De un tiempo a esta parte, varios indicios convergen en que el contrato de la modernidad requiere de modificaciones sustanciales. El escrito indicaba que la economía de mercado estaría fundada en la libre competencia y sería inmune al intervencionismo estatal, que los medios no serían censurados, que la salud se haría cargo del deterioro del cuerpo y la educación del engrandecimiento del alma, mientras que la política democrática se basaría en el diálogo y formaría un Estado de derecho pleno con igualdad ante la ley.
No es casualidad, por tanto, que los anuncios de posmodernidad hayan aparecido en las décadas finales del milenio, y que la idea de posdemocracia haya surgido precisamente en el año 2000. El sociólogo británico Colin Crouch la comprendió como un período en el que las formalidades de la democracia se mantienen, pero se pierde el vínculo sustantivo con ella. Según Crouch, el poder se transfiere a técnicos y élites empresariales en connivencia con gobiernos (una especie de teoría conspirativa global que, de ser cierta, requeriría de demasiado cálculo instrumental, más del que la complejidad de la sociedad actual puede conceder a simples seres humanos).

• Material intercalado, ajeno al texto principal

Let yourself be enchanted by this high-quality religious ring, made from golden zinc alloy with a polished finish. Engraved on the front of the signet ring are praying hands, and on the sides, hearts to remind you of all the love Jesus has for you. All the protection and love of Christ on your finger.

Atendiendo a Chile, me parece efectivamente que el país transita hacia una condición posdemocrática, pero por razones distintas a las que esgrime Crouch. Es cierto que los procedimientos de la democracia liberal se mantienen (elecciones, alternancia en el poder, autonomía de poderes), pero están bajo asedio radical. Hace pocos años la Convención Constitucional propuso eliminar el Senado y sustituirlo por una “democracia regional”. Surgían propuestas insólitas, como la de disolver los poderes del Estado y reemplazarlos por una “democracia popular” organizada en torno a una Asamblea Plurinacional de las y los Trabajadores y los Pueblos. Entretanto, varios han coqueteado con la idea de una “democracia directa”, la misma que partidos como el PdG han instituido como mecanismo generalizado de decisión a través de consultas digitales. Es decir, los procedimientos de la democracia también parecen alterarse en los inicios del milenio.

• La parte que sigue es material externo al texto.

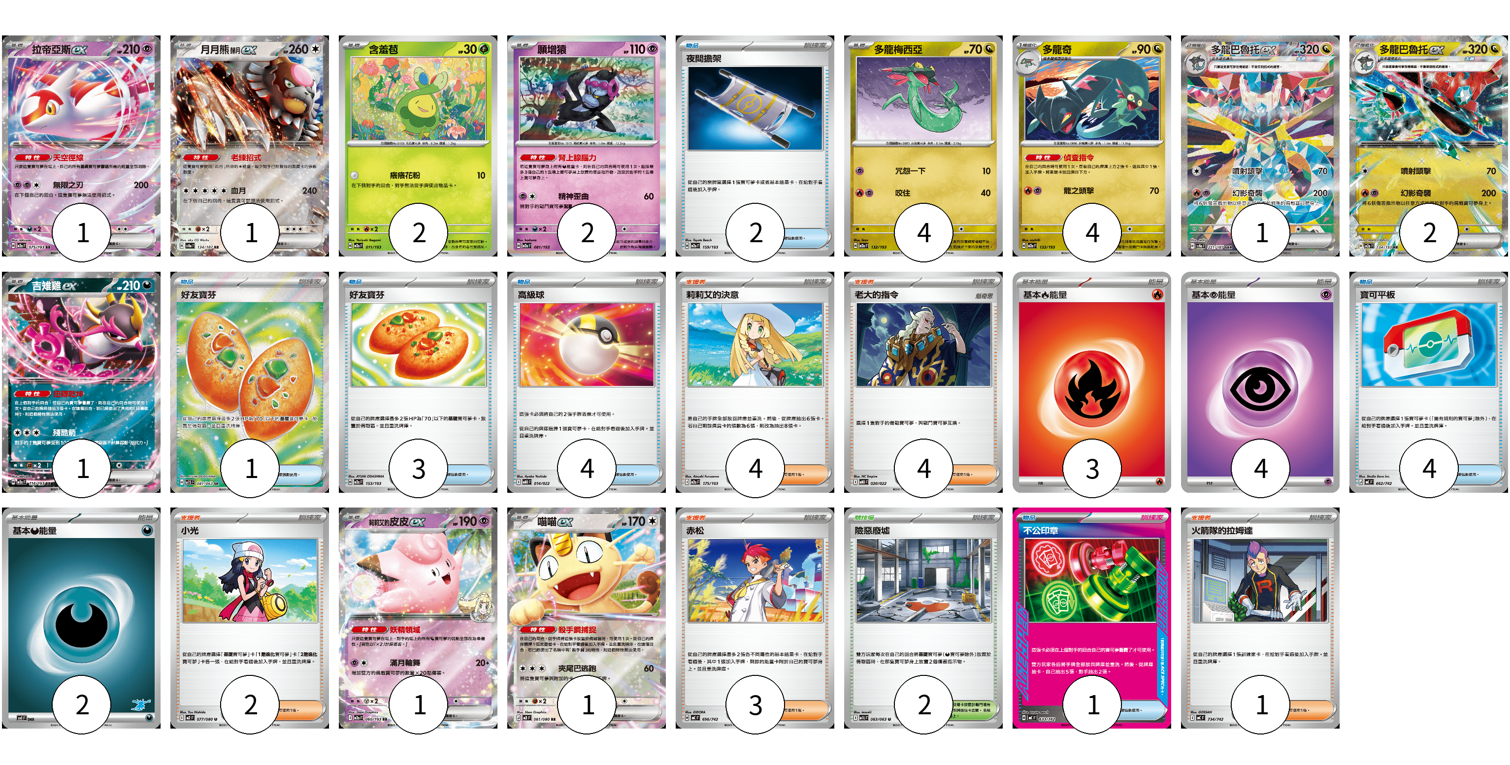 牌組構築方案 以此牌組為基礎新構築牌組 顯示卡面 顯示列表 寶可夢卡(20) 1 1 2 2 4 4 1 2 1 1 1 物品卡(15) 2 1 3 4 4 1 支援者卡(14) 4 4 2 3 1 競技場卡(2) 2 能量卡(9) 3 4 2 寶可夢卡(20) 卡牌名稱 張數 卡牌名稱 張數 拉帝亞斯ex M2a 075/193 01 月月熊 赫月ex SV8a 134/187 01 含羞苞 M2a 011/193 02 願增猿 M2a 081/193 02 多龍梅西亞 M2a 132/193 04 多龍奇 M2a 133/193 04 多龍巴魯托ex SV8a 221/187 01 多龍巴魯托ex M2a 134/193 02 吉雉雞ex M2a 114/193 01 莉莉艾的皮皮ex M2a 060/193 01 喵喵ex M3 061/080 01 物品卡(15) 卡牌名稱 張數 卡牌名稱 張數 夜間擔架 M2a 159/193 02 好友寶芬 M1S 081/063 01 好友寶芬 M2a 153/193 03 高級球 MBD 014/022 04 寶可平板 MC 662/742 04 不公印章 MC 633/742 01 支援者卡(14) 卡牌名稱 張數 卡牌名稱 張數 莉莉艾的決意 M2a 175/193 04 老大的指令 MBD 020/022 04 小光 M2 077/080 02 赤松 MC 696/742 03 火箭隊的拉姆達 MC 734/742 01 競技場卡(2) 卡牌名稱 張數 卡牌名稱 張數 險惡廢墟 M1L 063/063 02 能量卡(9) 卡牌名稱 張數 卡牌名稱 張數 基本火能量 sv-p FIR 03 基本超能量 sv-p PSY 04 基本【惡】能量 SVI DAR 02 以此牌組為基礎新構築牌組 牌組編碼 TVYZAb-QRDSwE-ztXCNk copy 列印牌組單 牌組編碼已複製 分享至SNS

Transitamos hacia una condición posdemocrática. Ante todo, se trata de una situación histórica en la que elementos procedimentales y simbólicos de la democracia liberal se combinan con actitudes y prácticas identitarias, autoritarias, de indiferencia política y populistas. La política de la identidad, por ejemplo, no es propiedad de los campus norteamericanos. En Chile se practica como decolonialismo, como cancelación, también como batalla cultural, antimodernismo, aspiración de autenticidad y superioridad moral. El autoritarismo, por su parte, se autolegitima políticamente como única receta eficaz ante la delincuencia y el creciente dominio narco: una mayoría de chilenos está dispuesto a renunciar a sus libertades públicas y privadas para lograr ese control, otro tanto apoya la militarización de la vida cotidiana y los estados de excepción. A esto contribuye decisivamente la indiferencia —de al menos un tercio de la población— en relación con el carácter democrático o autoritario del régimen de gobierno en el que vivimos. Frente a esta desidia primordial, solo propuestas radicales pueden conmover. De ahí que cárceles en barcos, desiertos o pantanos, la expulsión de inmigrantes, el cierre de fronteras, los estados de sitio y un nacionalismo cuasireligioso pasen a formar parte del neopopulismo del siglo XXI.

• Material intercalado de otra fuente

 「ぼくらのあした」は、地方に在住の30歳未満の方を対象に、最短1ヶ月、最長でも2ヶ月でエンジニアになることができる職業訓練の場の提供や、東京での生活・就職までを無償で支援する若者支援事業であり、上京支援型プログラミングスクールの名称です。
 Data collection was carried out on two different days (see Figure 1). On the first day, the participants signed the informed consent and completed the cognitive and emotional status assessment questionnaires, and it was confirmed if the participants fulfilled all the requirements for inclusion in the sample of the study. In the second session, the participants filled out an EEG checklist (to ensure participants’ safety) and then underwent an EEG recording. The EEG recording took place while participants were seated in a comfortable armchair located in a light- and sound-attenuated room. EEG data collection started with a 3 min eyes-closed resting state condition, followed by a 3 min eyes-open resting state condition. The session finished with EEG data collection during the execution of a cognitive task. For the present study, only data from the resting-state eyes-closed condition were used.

Las bases sociológicas de esta transformación son también una novedad del milenio. Si la imprenta demoró cerca de 400 años en crear la modernidad, el medio digital la ha alterado radicalmente en pocas décadas. La democracia liberal podía sostenerse en la centralidad política del Estado de derecho y en el uso público de la razón en un sistema mediático con discusión controlada. Pero ese escenario dejó de existir: el medio digital lo convirtió en heterarquía radical, un espacio de instantaneidad y simultaneidad en el que la razón carece de prioridad epistémica sobre la emoción, en el que la experiencia prima sobre la evidencia y en el que el anonimato se impone sobre la publicidad.
En tal contexto, la democracia liberal no puede pretender continuar como si nada hubiese pasado. Su milieu es ahora el milenarismo posdemocrático de un nuevo Chile —y de un nuevo mundo— que ya comenzó. En él debe emprender su salvación.